• [Problem statement]
Transcribe exactly, and without pictures, only the lines from the one bearing "This handwoven korvai" through the final line of the data below.

########################################

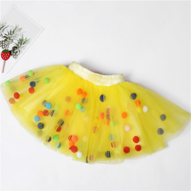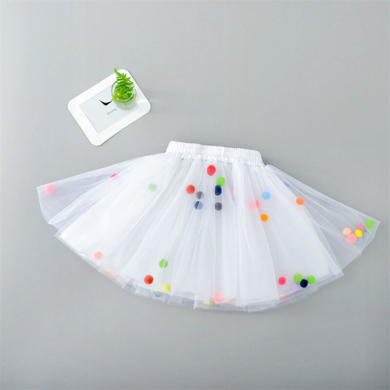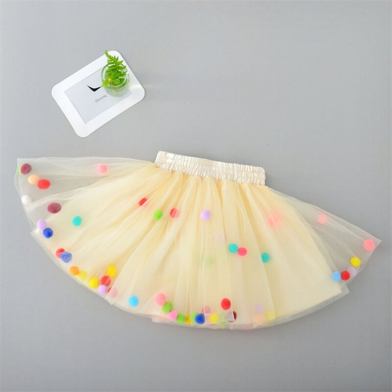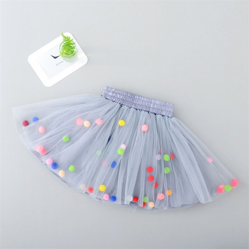 Girls Cute Pompon Decoration Mesh Fluffy Skirt
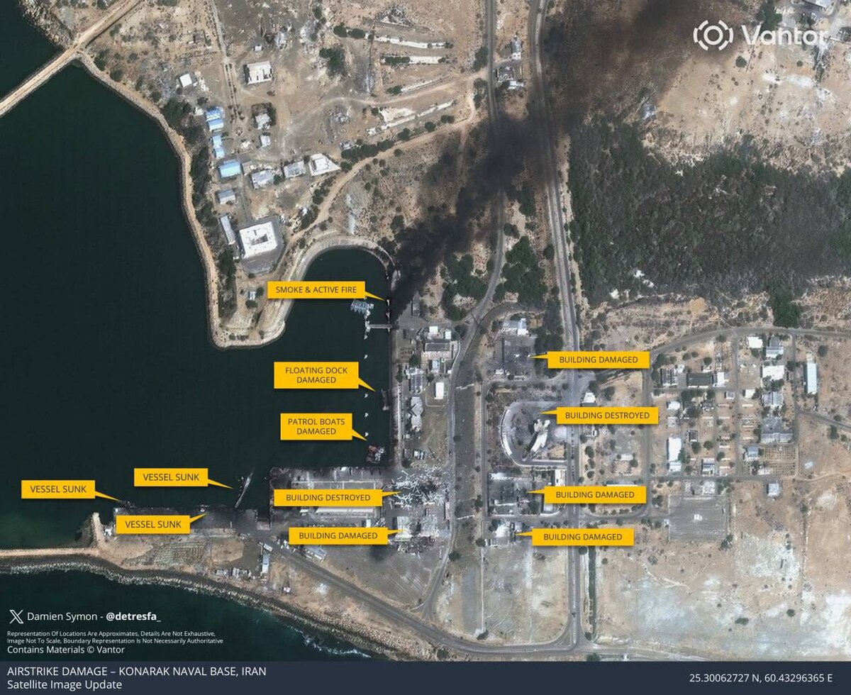 Спутниковые снимки показывают три затонувших судна и серьезные повреждения на военно-морской базе Ирана в Конараке.
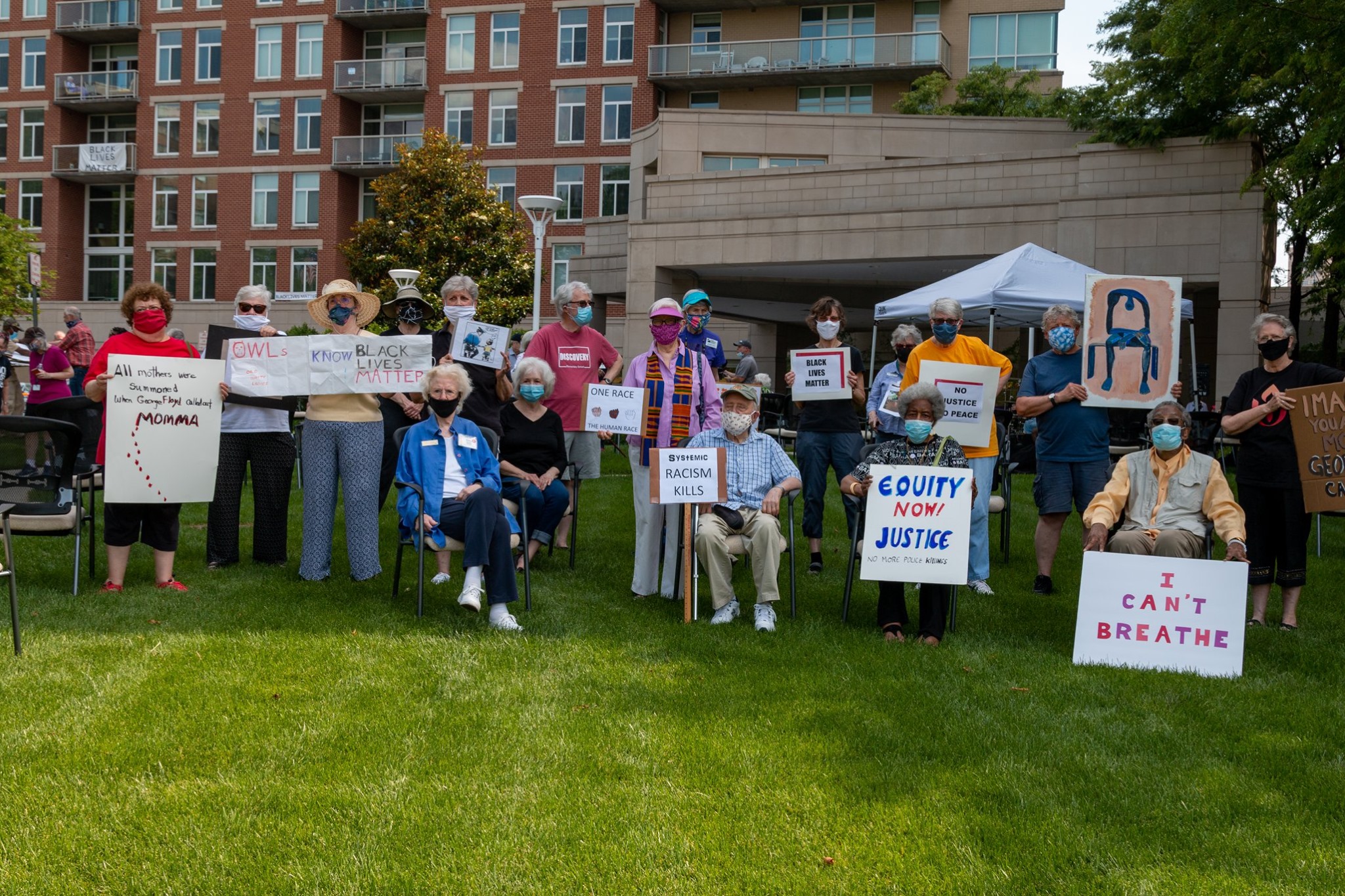 On the afternoon of June 9, nearly 250 residents and staff gathered on the front lawn of Goodwin House, a senior-living community in Falls Church. Most residents stood, while some required chairs, their canes or walkers close at hand. Almost all held homemade signs bearing messages such as systemic racism kills and i can’t breathe and black lives matter.
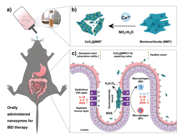 An Orally Administered CeO2@Montmorillonite Nanozyme Targets Inflammation for Inflammatory Bowel Disease Therapy
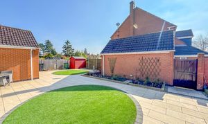 Externally, the home is a gardener’s dream. To the front, a block-paved driveway offers parking for two vehicles alongside a lawned area with vibrant, well-tended flower borders, which continue around the large corner plot. A gated access leads through to the rear garden.
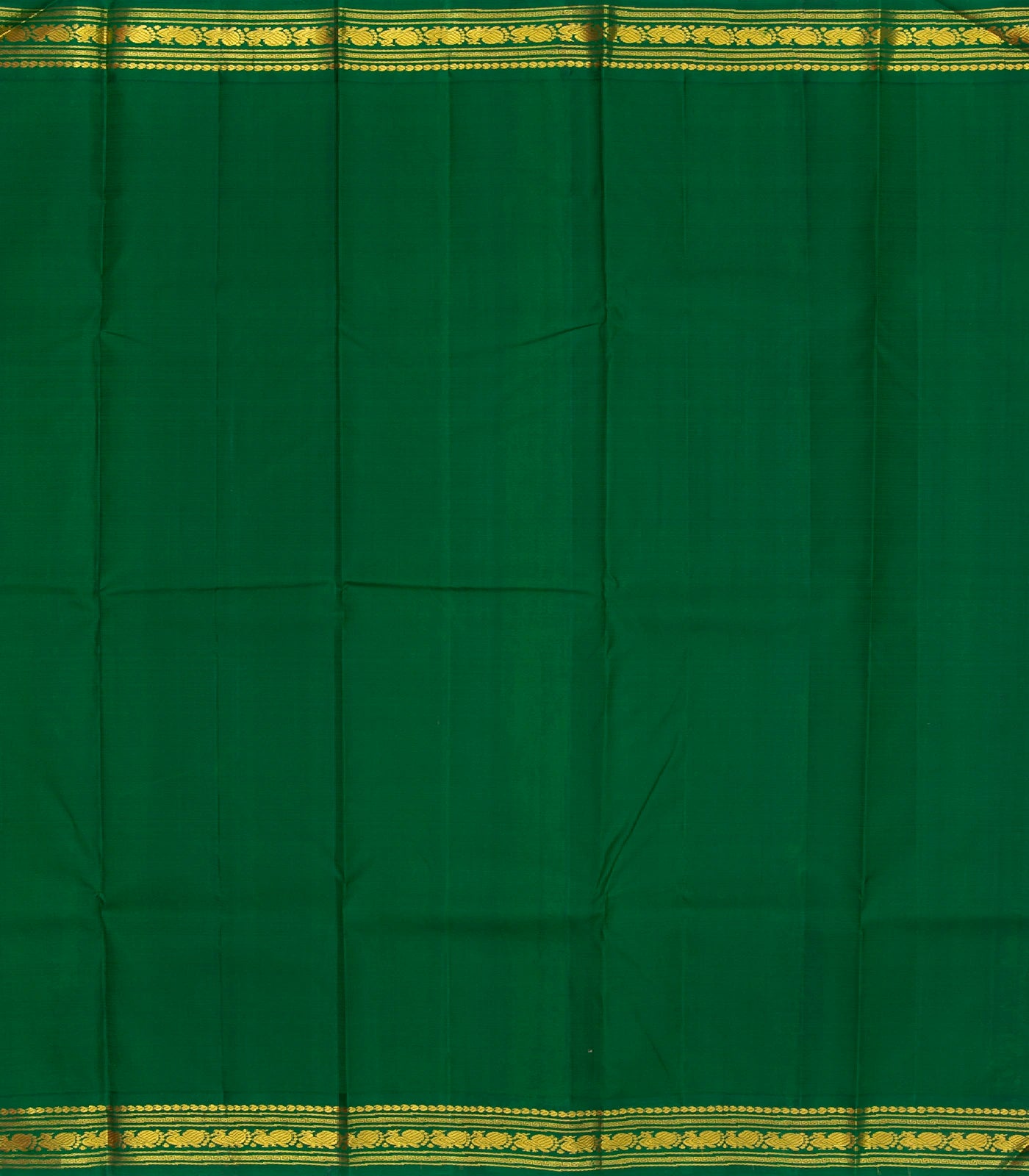 This handwoven korvai kanchipuram silk saree is filled with plain mustard body along with annam motifs in contrast green zari border and pallu
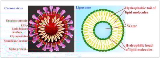 Schematic of an enveloped coronavirus and a liposome with a lipid bilayer membrane. Adopted from https://en.wikipedia.org/wiki/Coronavirus and https://es.wikipedia.org/wiki/Liposoma.
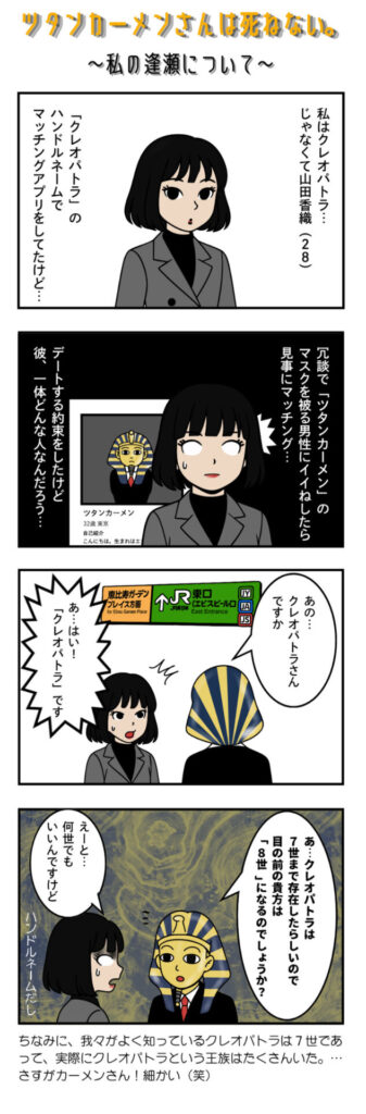 4コママンガ「ツタンカーメンさんは死ねない。」私の逢瀬について
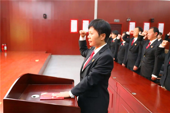 宣誓儀式開始,全體起立,奏唱《中華人民共和國國歌》。隨后,領(lǐng)誓人張冬梅左手撫按《中華人民共和國憲法》,右手舉拳,誦讀誓詞。其他宣誓人列隊肅立,舉起右拳,莊嚴跟誦。
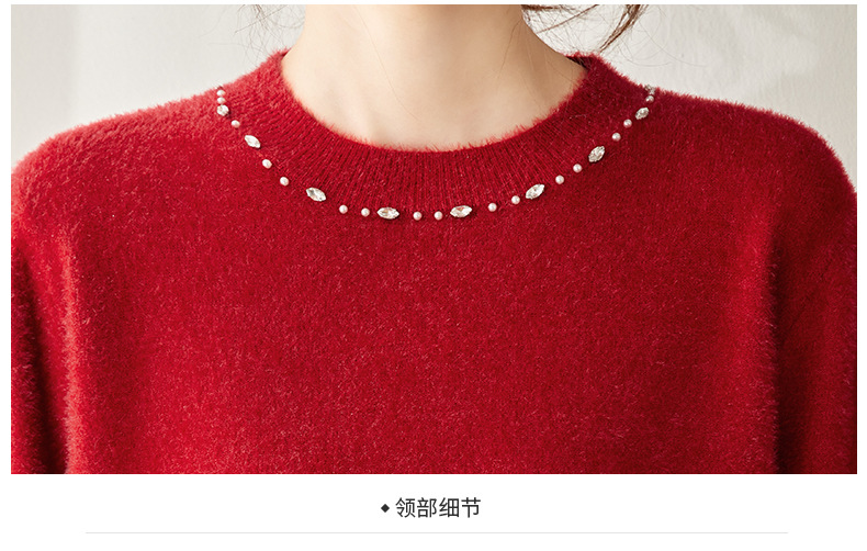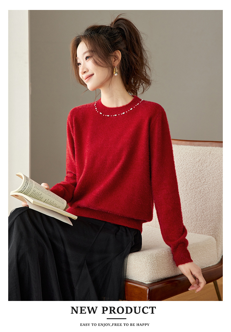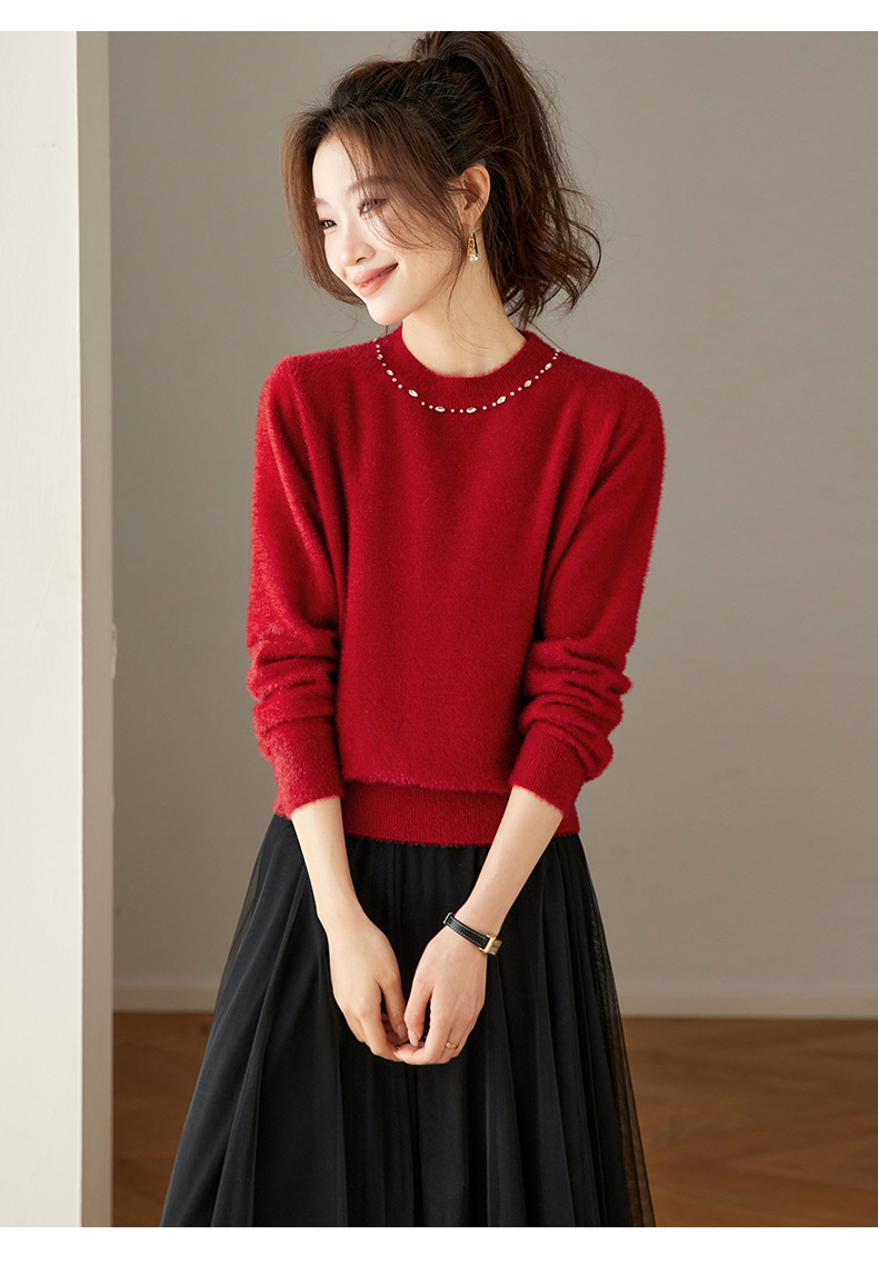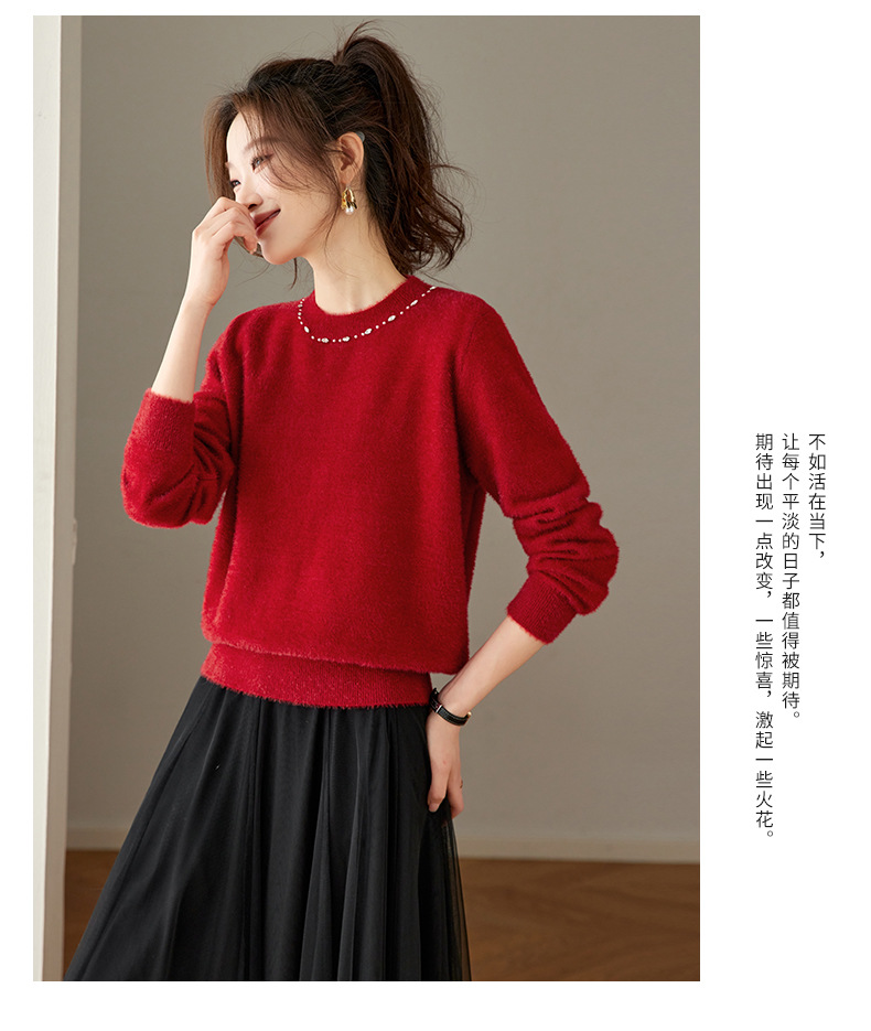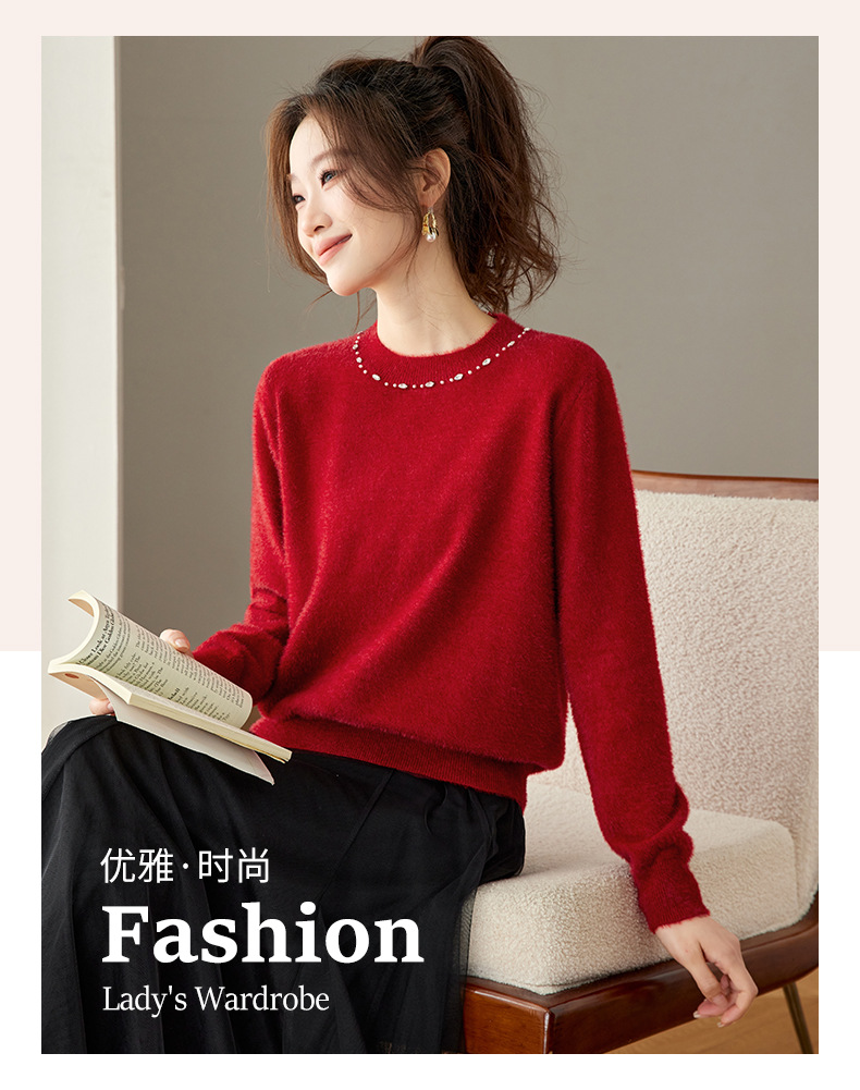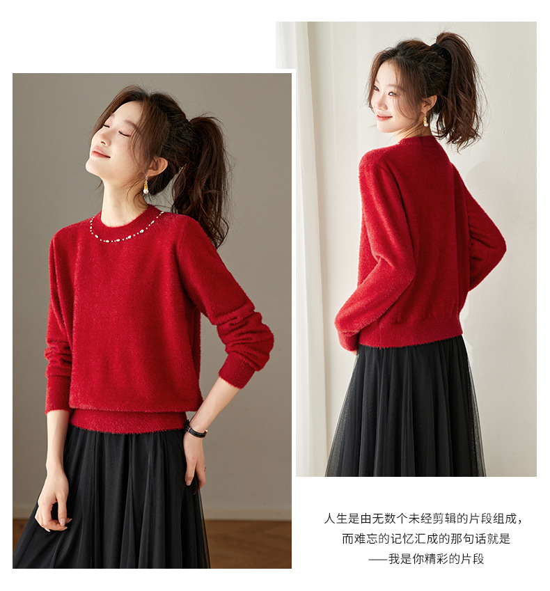 CC高级感红色针织打底衫女秋冬宽松显瘦时尚洋气内搭毛衣本命年上衣

########################################

• [Response area]
 This handwoven korvai kanchipuram silk saree is filled with plain mustard body along with annam motifs in contrast green zari border and pallu
 Schematic of an enveloped coronavirus and a liposome with a lipid bilayer membrane. Adopted from https://en.wikipedia.org/wiki/Coronavirus and https://es.wikipedia.org/wiki/Liposoma.
 4コママンガ「ツタンカーメンさんは死ねない。」私の逢瀬について
 宣誓儀式開始,全體起立,奏唱《中華人民共和國國歌》。隨后,領(lǐng)誓人張冬梅左手撫按《中華人民共和國憲法》,右手舉拳,誦讀誓詞。其他宣誓人列隊肅立,舉起右拳,莊嚴跟誦。
 CC高级感红色针织打底衫女秋冬宽松显瘦时尚洋气内搭毛衣本命年上衣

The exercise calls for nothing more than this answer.